There’s a shift happening in knowledge work that most people haven’t named yet. Creation cost collapsed. Drafting a document, writing an explanation, summarizing a meeting — AI reduced these to near-zero effort. The bottleneck moved.
It moved to distribution.
Not distribution in the marketing sense. I mean the basic problem of getting knowledge to the right consumer, in the right format, at the right time. That problem got harder, not easier, right at the moment everyone assumed it got solved.
The Consumer Problem Nobody Prepared For
Knowledge has always had multiple consumers. You write documentation knowing that a new hire, a veteran engineer, and a confused customer might all read the same page — and they all need something different from it.
That problem is old. The new problem is that the workforce now includes a third consumer type that didn’t exist a few years ago: agents.
There are now three distinct consumer types for any piece of knowledge:
- Humans — read prose, follow narrative, need context and explanation
- LLMs — consume token streams, work best with structured summaries, perform better when content is pre-chunked and labeled
- Agents — query knowledge at runtime, need machine-readable indexes, often can’t follow a hyperlink or parse a full HTML page
Here’s the problem: every existing knowledge platform was built for exactly one of these. Wikis are for humans. REST APIs are for machines. Chat interfaces are for synchronous human conversation. None of them serve all three, and nobody is retrofitting them fast enough.
If your knowledge lives in exactly one format on exactly one platform, you’ve built a bottleneck for at least two of your three consumer types.
What One Write Path Actually Looks Like
The pattern I’ve been running: single source file, multiple consumption paths.
The source is plain markdown. From that one file, five different consumers can access the same content:
- Humans read it directly — rendered HTML, clean typography, skimmable
- LLMs get a context-window-friendly index — the content described and summarized rather than exhaustively reproduced
- Agents query a structured knowledge base at runtime — the same content chunked and indexed for retrieval
- Automated pipelines hit the live surface — URLs that exist and return consistent structure
- A git repo is the system of record — versioned, diffable, auditable
One write. Five consumption paths. The source file never changes — only the rendering layer does, and the rendering is automated.
This sounds like an infrastructure problem, and it is. But the insight is simpler than it might appear: the consumption paths are predictable. You know humans, agents, and LLMs all need this knowledge. Building the rendering layer once eliminates the conversion tax on every future write.
This Site Is a Working Example
I built this into artificialcuriositylabs.dev from the start, mostly as a forcing function to think through the problem concretely.
The site has the usual human-readable layer — HTML pages, RSS feed, search. But it also has:
/llms.txt— a curated index of pages and topics formatted for AI crawlers, analogous torobots.txtbut for LLM consumption rather than exclusion/llms-full.txt— every post on the site concatenated into a single clean file, auto-generated at build time
The second one is the one worth dwelling on. Any LLM or agent that fetches llms-full.txt gets the complete content of everything published here in one request, structured and clean — no crawling individual pages, no HTML parsing, no pagination. It’s a better interface for machine consumption than anything a crawler would produce.
The generator runs in under a second as part of the normal build. It reads the content directory, strips frontmatter, concatenates everything with labeled separators. There’s no manual step. When I publish something new, every consumption path updates automatically.
This is what “one write path” looks like in practice. The write happens once. The distribution layer handles the rest.

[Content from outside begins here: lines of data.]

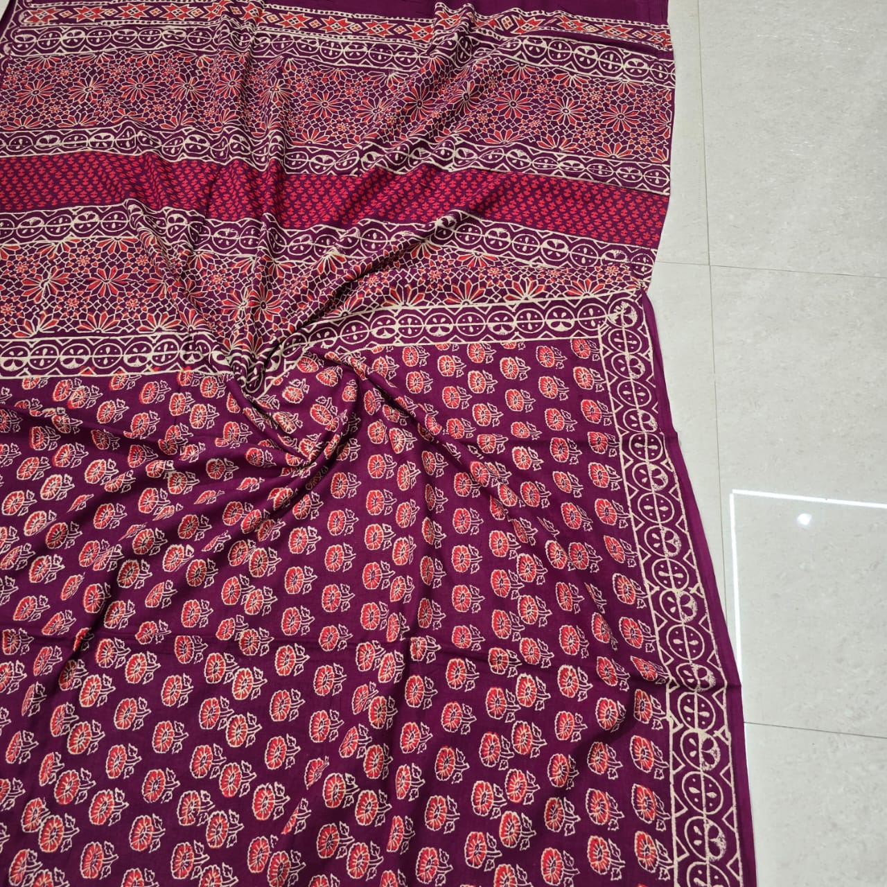 Indulge in the timeless artistry of hand block printing with this exquisite maroon cotton mulmul saree from Blockart. Crafted with care and precision, this saree features intricate floral motifs in vibrant red and orange hues. The soft texture of mulmul cotton offers comfort and elegance, while the super dyeing technique ensures lasting color brilliance. Complete your ethnic look with the matching printed blouse piece that comes with the saree. Elevate your style with this premium, artisanal creation that celebrates traditional Indian craftsmanship.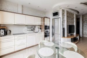 - Просторная гостиная-столовая с бамбуковым паркетом, кухня. Мебель немецкого производства, техника премиум сегмента.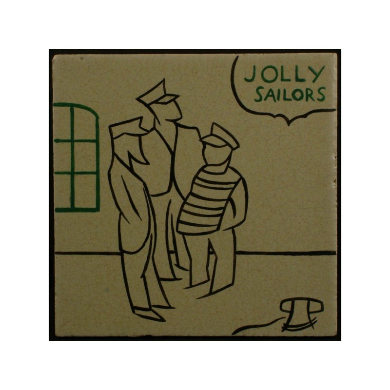 A Carter's Poole tile designed by Edward Bawden, decorated with three sailors chatting minor nicks 13cm. square

The Architectural Implication
The platforms that win the next cycle won’t be the ones that make creation faster — creation is already fast enough. They’ll be the ones that serve all three consumer types without requiring a different write per audience.

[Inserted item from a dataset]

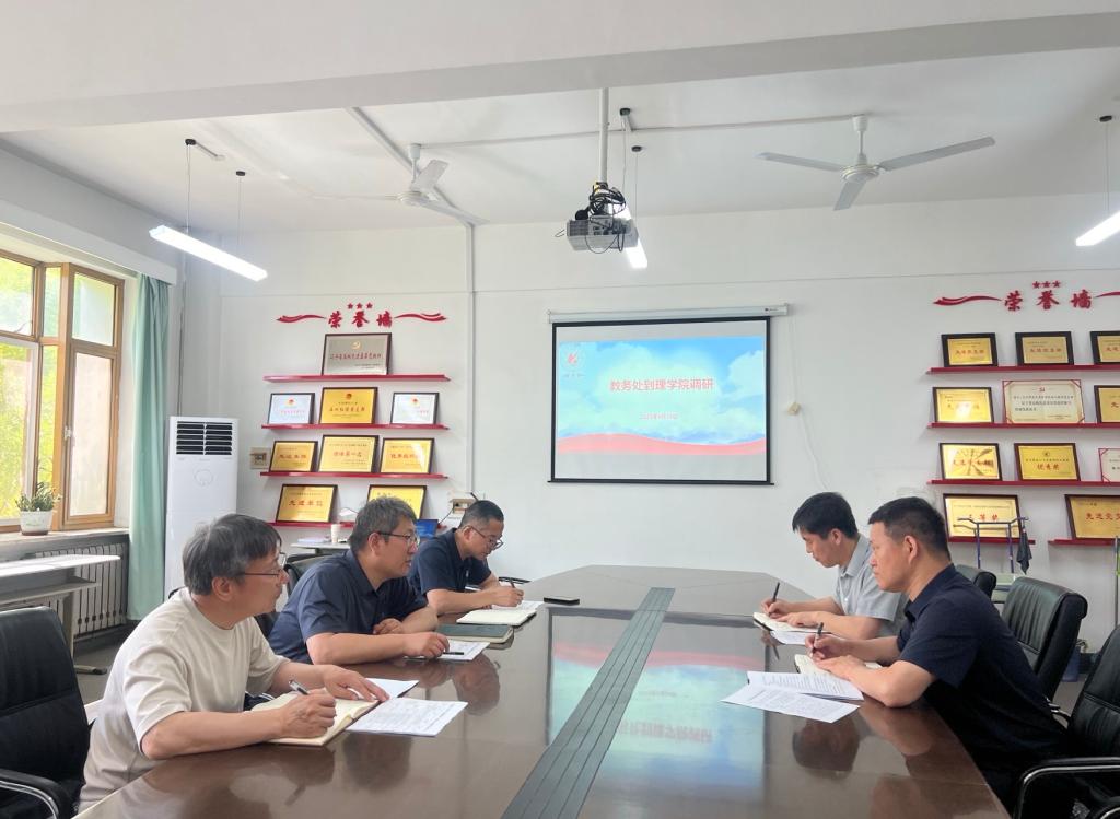6月24日,教务处处长周卫红一行到理学院、应用技术学院开展工作交流。两学院领导班子成员、教师代表参加了交流。

The ones that won’t: any platform where the human-readable surface is the only surface. That includes most wikis, most documentation tools, most internal knowledge bases built in the last decade. They were designed when the only consumer was a human with a browser.
The pattern worth adopting now: treat knowledge architecture the way you treat software architecture. Define your consumers. Design the interfaces. Automate the rendering. Keep the source clean.
One write, many readers — and readers now include machines that don’t have browsers, don’t follow narrative, and don’t have patience for anything that wasn’t formatted for them.
The creation bottleneck is gone. The question is whether your distribution layer caught up.